Sometimes that works out, like being able to use the Pixel Slate with a keyboard as a multi-window laptop alternative. Other times, however, you pay the price of being at the bleeding edge. Android apps still don't feel mature enough to be more than a stopgap measure in many ways, ungainly and unpredictable in a way that you can't really accuse the contents of the iPad Pro's App Store.

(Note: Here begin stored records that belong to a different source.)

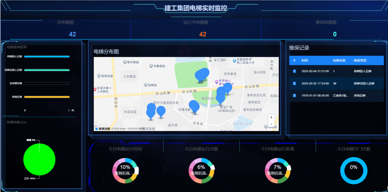 新搭建的電梯管理模塊構(gòu)建起高效的數(shù)據(jù)互通橋梁,不僅能夠?qū)崟r(shí)獲取已上線電梯編號(hào)、電梯設(shè)備名稱(chēng)等各項(xiàng)基礎(chǔ)數(shù)據(jù),還能精準(zhǔn)監(jiān)測(cè)電梯運(yùn)行時(shí)間、運(yùn)行距離、運(yùn)行次數(shù)、開(kāi)門(mén)次數(shù)等動(dòng)態(tài)數(shù)據(jù)信息。該系統(tǒng)可全程追蹤電梯召修記錄,詳細(xì)記錄召修維保上報(bào)時(shí)間、電梯維保人員到場(chǎng)時(shí)間,以及電梯故障處理過(guò)程、因故障困人后的解救時(shí)間等信息。這些數(shù)據(jù)的全面整合與實(shí)時(shí)呈現(xiàn),能夠全方位、立體化掌握每臺(tái)電梯的運(yùn)行狀態(tài)及故障率,增強(qiáng)了電梯運(yùn)行的安全性和可靠性,有效提升電梯維保效率。
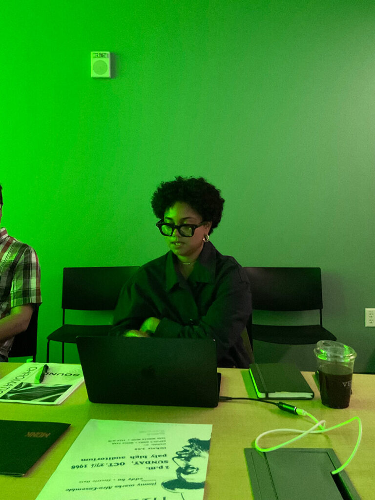 She has curated film programming for the Coolidge Corner Theater and the Anderson Collection at Stanford, and currently co-chairs a graduate-run film screening series. Her work is influenced by thinkers such as composer and sound artist Pauline Oliveros—particularly the concepts of “the sonosphere” and “deep listening”—and artist Jennie C. Jones, who explores the relationship between sound and architecture with an ear toward Black aural poetics.
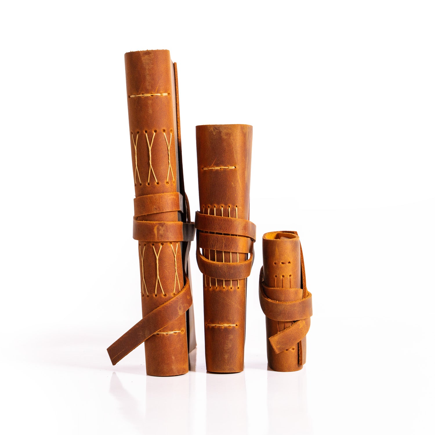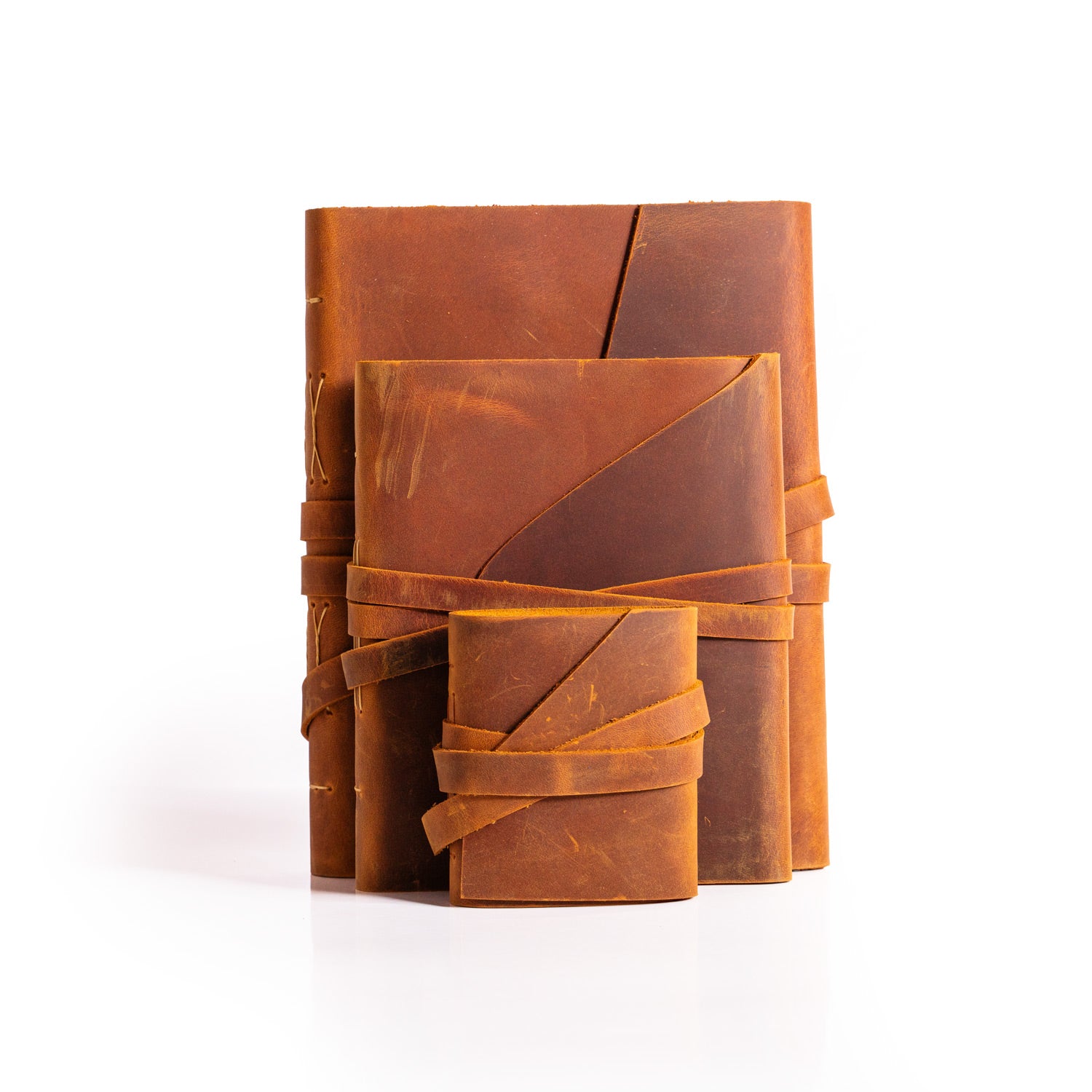 Düşüncelerinizi, hayallerinizi ve anılarınızı bu özel el yapımı kahverengi deri defter setiyle ölümsüzleştirin. Her boyut, hayatınızın farklı bir yönünü kaydetmek için tasarlandı.
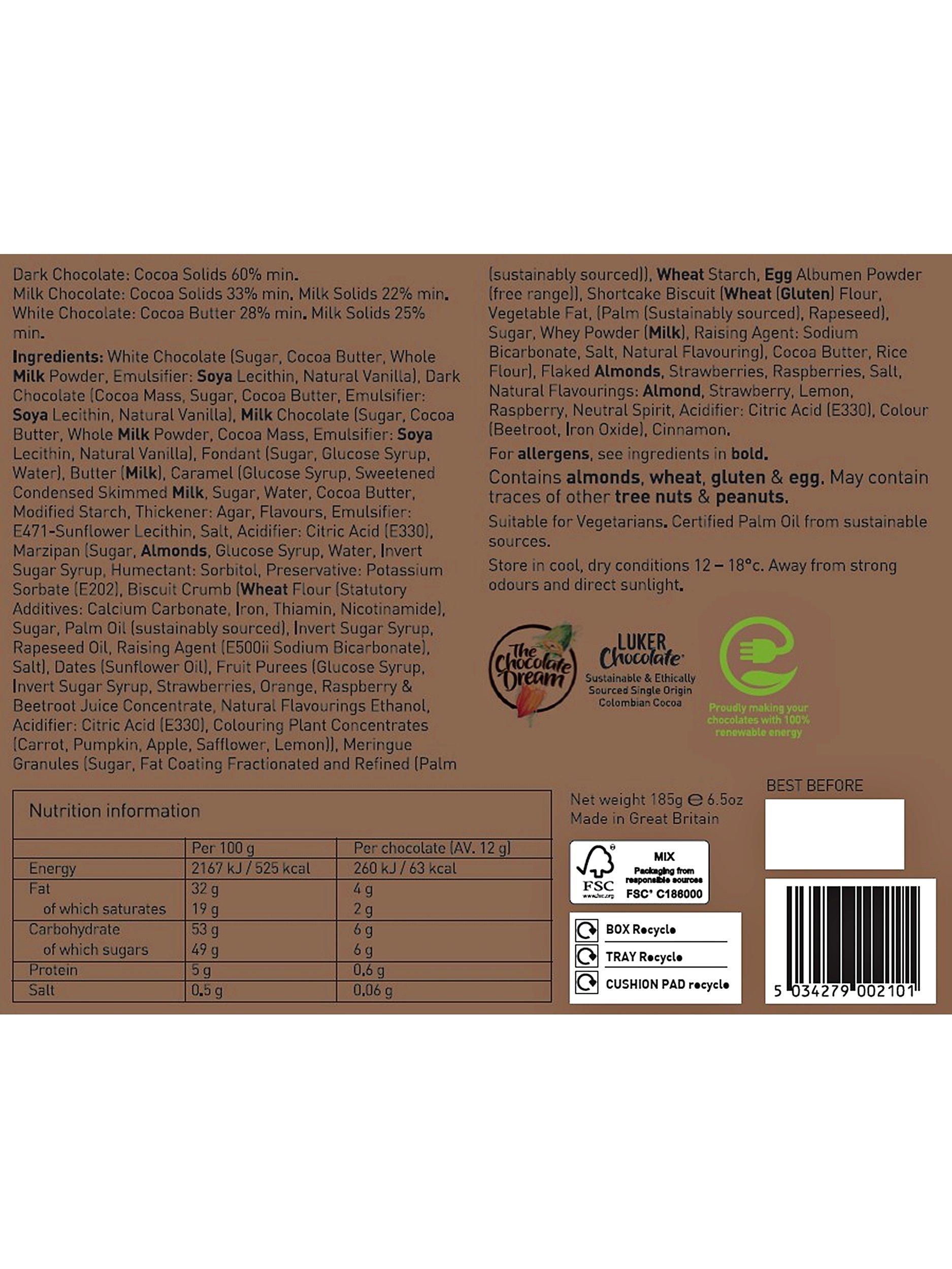 - White Chocolate (Sugar, Cocoa Butter, Whole MILK Powder, Emulsifier: SOYA Lecithin, Natural Vanilla), Dark Chocolate (Cocoa Mass, Sugar, Cocoa Butter, Emulsifier: SOYA Lecithin, Natural Vanilla), MILK Chocolate (Sugar, Cocoa Butter, Whole MILK Powder, Cocoa Mass, Emulsifier: SOYA Lecithin, Natural Vanilla), Fondant (Sugar, Glucose Syrup, Water), Butter (MILK), Caramel (Glucose Syrup, Sweetened Condensed Skimmed MILK, Sugar, Water, Cocoa Butter, Modified Starch, Thickener: Agar, Flavours, Emulsifier: E471-Sunflower Lecithin, Salt, Acidifier: Citric Acid (E330), Marzipan (Sugar, ALMONDS, Glucose Syrup, Water, Invert Sugar Syrup, Humectant: Sorbitol, Preservative: Potassium Sorbate (E202), Biscuit Crumb (WHEAT Flour (Statutory Additives: Calcium Carbonate, Iron, Thiamine, Nicotinamide), Sugar, Palm Oil (sustainably sourced), Invert Sugar Syrup, Rapeseed Oil, Raising Agent (E500ii Sodium Bicarbonate), Salt), Dates (Sunflower Oil), Fruit Purees (Glucose Syrup, Invert Sugar Syrup, Strawberries, Orange, Raspberry & Beetroot Juice Concentrate, Natural Flavourings Ethanol, Acidifier: Citric Acid (E330), Colouring Plant Concentrates (Carrot, Pumpkin, Apple, Safflower, Lemon)), Meringue Granules (Sugar, Fat Coating Fractionated and Refined (Palm (sustainably sourced)), WHEAT Starch, EGG Albumen Powder (free range)), Shortcake Biscuit (WHEAT (GLUTEN) Flour, Vegetable Fat, (Palm (Sustainably sourced), Rapeseed), Sugar, Whey Powder (MILK), Raising Agent: Sodium Bicarbonate, Salt, Natural Flavouring), Cocoa Butter, Rice Flour), Flaked ALMONDS, Strawberries, Raspberries, Salt, Natural Flavourings: ALMOND, Strawberry, Lemon, Raspberry, Neutral Spirit, Acidifier: Citric Acid (E330), Colour (Beetroot, Iron Oxide), Cinnamon. For allergens, see ingredients in capitals.

Like with the iPad Pro, too often I ran into frustrations that the Pixel Slate threw into my path, and sent me scurrying back to my regular laptop. And the cold reality is that the App Store has more to suit Apple's tablet than the Play store has for Google's. Factor in that the Pixel Slate – with expensive and pretty much essential keyboard attached – is thicker than the Pixelbook, not to mention the annoyances of trying to perch it on my lap, and I think I'd still go for the far more affordable convertible notebook not its new tablet sibling.